You sometimes might need to make a correction to a paid invoice or bill. Your accounting software locks these transactions after a payment is applied against them, but you can still make changes by temporarily unapplying the customer or vendor payment. To do so, choose the payment transaction from your list of previous entries, clear the checkbox that relates to the bill or invoice, and save the payment transaction. You can then open the bill or invoice in a similar fashion, make the correction, and save the bill or invoice. Then return to the payment transaction, and reapply the payment.

Double-Checking Your Work

Even experienced accountants sometimes fumble debits and credits when entering journal entries. If you enter a journal entry backward by reversing the debit and credit amounts, you’ll double the impact of the mistake or situation on your books you were trying to fix.

When entering journal entries, always double-check your balance sheet, income statement, or trial balance to ensure the affected account balances changed as you intended. If you find a goof, simply edit the journal entry to swap the amounts between the debit and credit columns.

Year-End Procedures

At year-end, you need to carry out all the month-end procedures discussed throughout this chapter, along with these few extra procedures:

Print your General Ledger and financial reports to PDF documents, and save the files, preferably somewhere other than your main computer hard drive. Also back up your accounting records using the techniques we discuss in Chapter 15.

If you’re using a desktop program such as Sage 50, use the Year-End Wizard to close the fiscal year. Programs that don’t require a formal year-end close should allow you to specify a closing date for your books. By doing this, you can typically choose between a warning or require a password before users can add or edit transactions dated prior to the closing date you set.

Although storage space usually isn’t a consideration in a cloud-based accounting program, the physical size of your books can grow over time in desktop-based programs. This can result in performance issues that make reports take longer to appear on-screen as well as other delays. Your accounting software provides a feature that allows you to eliminate transactions from previous years. Such a command will typically appear on the File menu or sometimes tucked away under a Utilities submenu. Look for something along the lines of Purge.

Always create a backup of your data before performing a purge procedure so you can restore your records if needed.

BOTTOM LINE

Unlike many situations in life, most aspects of your books can be easily fixed, particularly if you catch mistakes in time.
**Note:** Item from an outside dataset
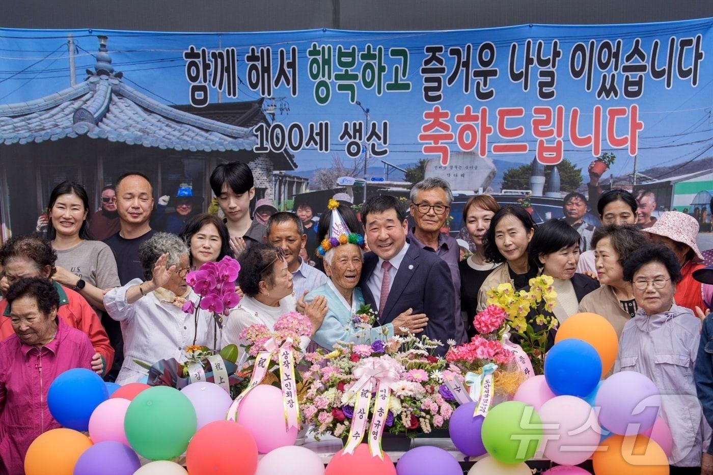 지난 19일 충북 증평군 도안면 화성3리 상작마을에 사는 김기영 어르신 100세 상수연이 열린 가운데, 김기영 할머니와 이재영 군수 등이 기념촬영을 하고 있다.(증평군 제공. 재판매 및 DB금지)/뉴스1 ⓒ News1 이성기 기자
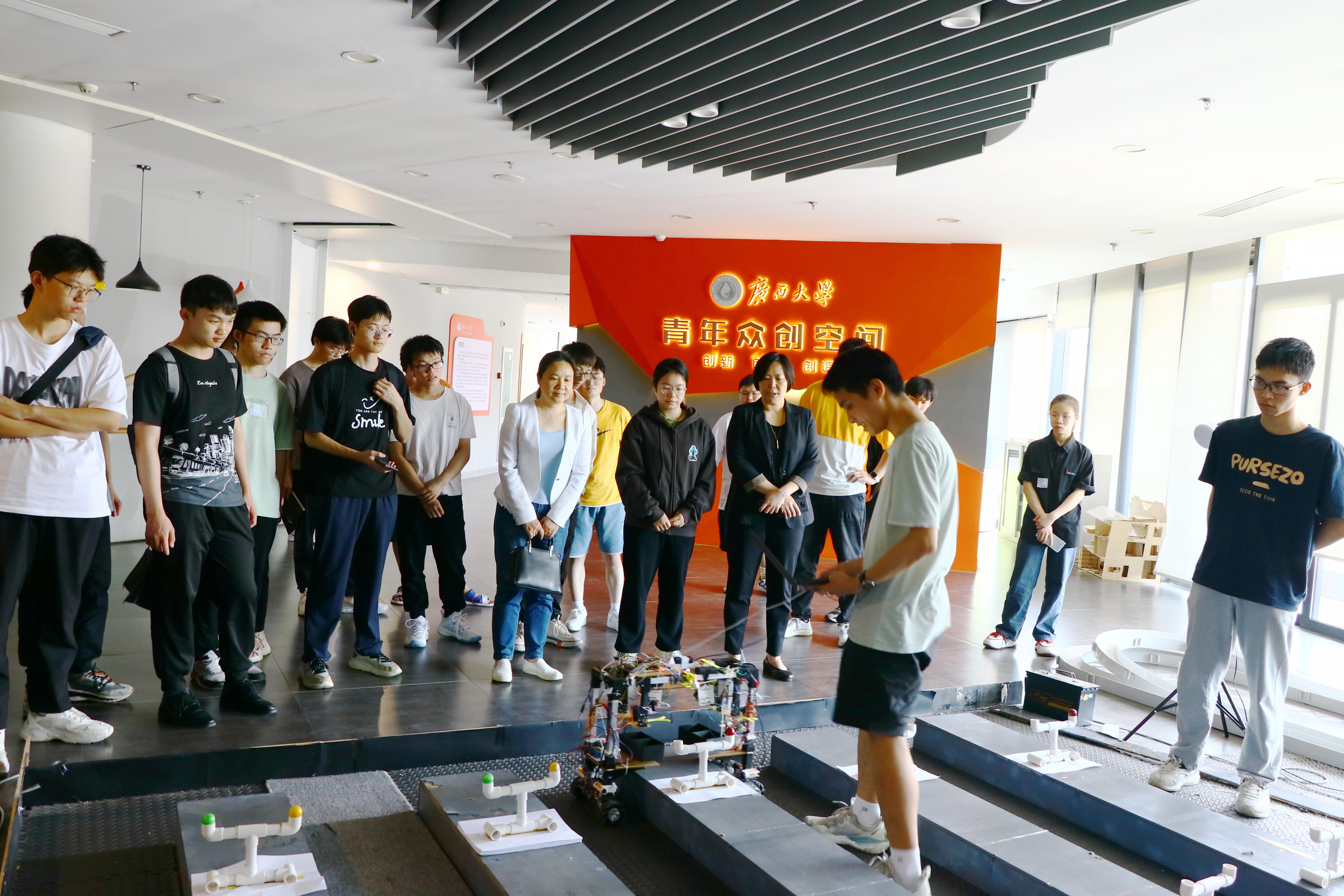 此外,在实验室宣传中,师生认真倾听科技成果的讲解,细心观察科技展品,还一同前往大学生活动中心二楼实验室参观学院优秀团队的参赛成果及团队今年参赛的机器人。

Take time each month to carry out the month-end procedures we recommend in this chapter. Doing so can save you money by ensuring that you don’t inadvertently pay more or less taxes than you should. Accurate books result in accurate financial statements, which can help you secure financing, should you need to borrow money to grow your business.

The Least You Need to Know

  • Monitoring your account balances monthly helps you ensure your books are correct and current.
  • Tools provided in your accounting software make the monthly and annual review go smoothly.
  • Reviewing your trial balance can help you find errors subject to correction.
  • Save a backup copy of your accounting records at the end of each year so you’ll always have the detailed support for your financial statements.